Search
Question: about DEseq for spike-in datasets
0
3.1 years ago by
United States
gan.haiyun0 wrote:

I try to use DEseq2 to Identify the changed genes in my two chip-seq data.

Because our experiment design is use the spike-in chromatin to do

normalization, so we do not need estimate the effective library size.

I just assign a value to sizeFactors like:

> sizeFactors(data) <-- c(-1,-2)

> sizeFactors(data)

> hj67 hj68

1    2

> res = nbinomTest(data, "wt", "ko" );

> My question is :

1) I am not sure whether i can do like this ?

2) Another question is: when I want to the sizeFactors is 1 and 2,  why I need input -1 and -2 ?

modified 3.1 years ago • written 3.1 years ago by gan.haiyun0

Before I reply: Please correct the post type from "tutorial" for "question". Otherwise, this might end up anywhere.

1
3.1 years ago by
Simon Anders3.5k
Zentrum für Molekularbiologie, Universität Heidelberg
Simon Anders3.5k wrote:

2) Another question is: when I want to the sizeFactors is 1 and 2,  why I need input -1 and -2 ?

What makes you think that you have to input -1 and -2? This is, of course, wrong. If the size factors you calculated are 1.23 and 0.78, then you should put

sizeFactors(data) <- c( 1.23, 0.78 )

1) I am not sure whether i can do like this ?

Yes, of course, you can manually specify size factors, provided that they are correct. Whether your size factors are correct depends on how you calculated them. Your example, "1 and 2", does not look like realistic values.

However, please note that spike-ins are suitable and helpful for normalization only in certain circumstances.
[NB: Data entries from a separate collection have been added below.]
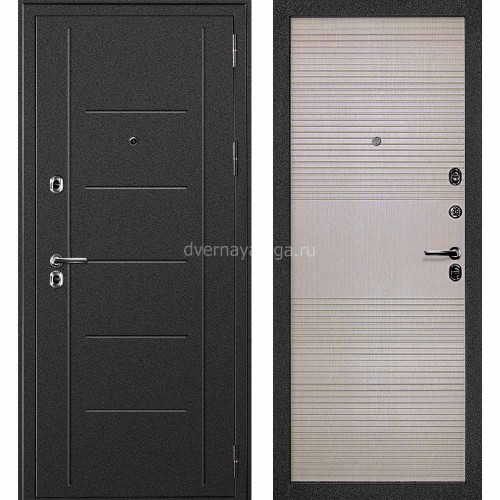 Также дверь стальная "Термаль" Беленый дуб оснащена двумя сейфовыми сувальдными замками четвертого класса взломостойкости, эксцентриком с возможностью регулировки притвора, утепленной рамой, тремя контурами уплотнения Shlegel (Германия) по периметру двери (2 конута + 1 магнитный) и тремя петлями на подшипниках.
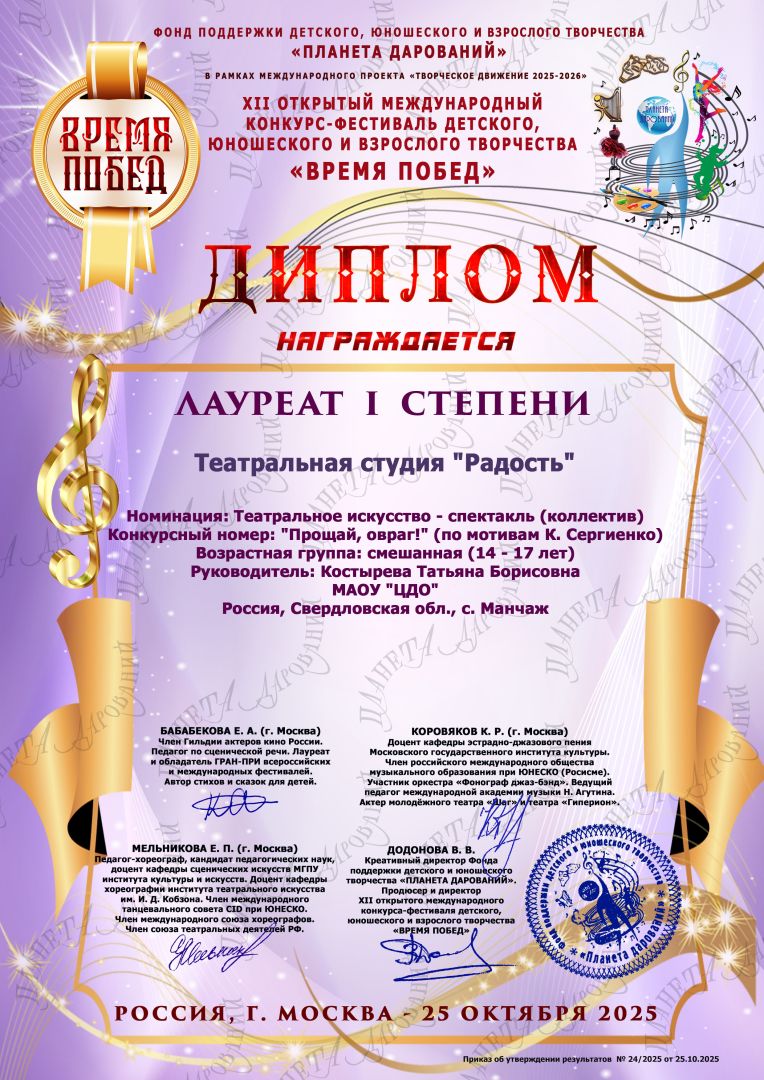 В октябре этого года творческое объединение «Театральная студия «Радость» (МАОУ
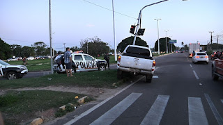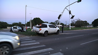 Ao parar no semáforo, um dos suspeitos desce do carro e vai em direção ao veículo da vítima. Pelo menos quatro tiros são disparados. O motorista da L 200 tenta sair com o veículo, mas acaba colidindo com o poste do semáforo.
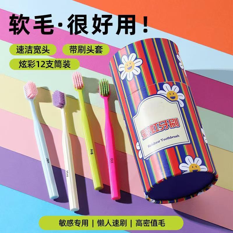 [머리카락 한 조각] 흔들리는 톤 타오바오 폭발 무지개 칫솔 높은 색 가치 도파민 부드러운 머리 성인 청소 칫솔스토어 가기

You would need to explain more about your experiment (and especially: on when exactly in the sample prep you spike them in) to see whether they are appropriate.

0
3.1 years ago by
United States
gan.haiyun0 wrote:

Thank you very much !

base on the spike-in, we decide the sizeFactors is 1, 3.82, 3.63.

so i run R:

> count_table <- read.table("count.txt", header=T, sep="\t", row.names=1);
> expt_design <- data.frame(row.names = colnames(count_table), condition = c("wt","ko","ko"));
> conditions = expt_design\$condition;
> library("DESeq");
> data <- newCountDataSet(count_table, conditions)
> sizeFactors(data) <- c(1, 3.82, 3.63)
> data = estimateDispersions(data)

> res = nbinomTest(data, "wt", "ko" );

when i running estimateDispersions, i get the following warning messages.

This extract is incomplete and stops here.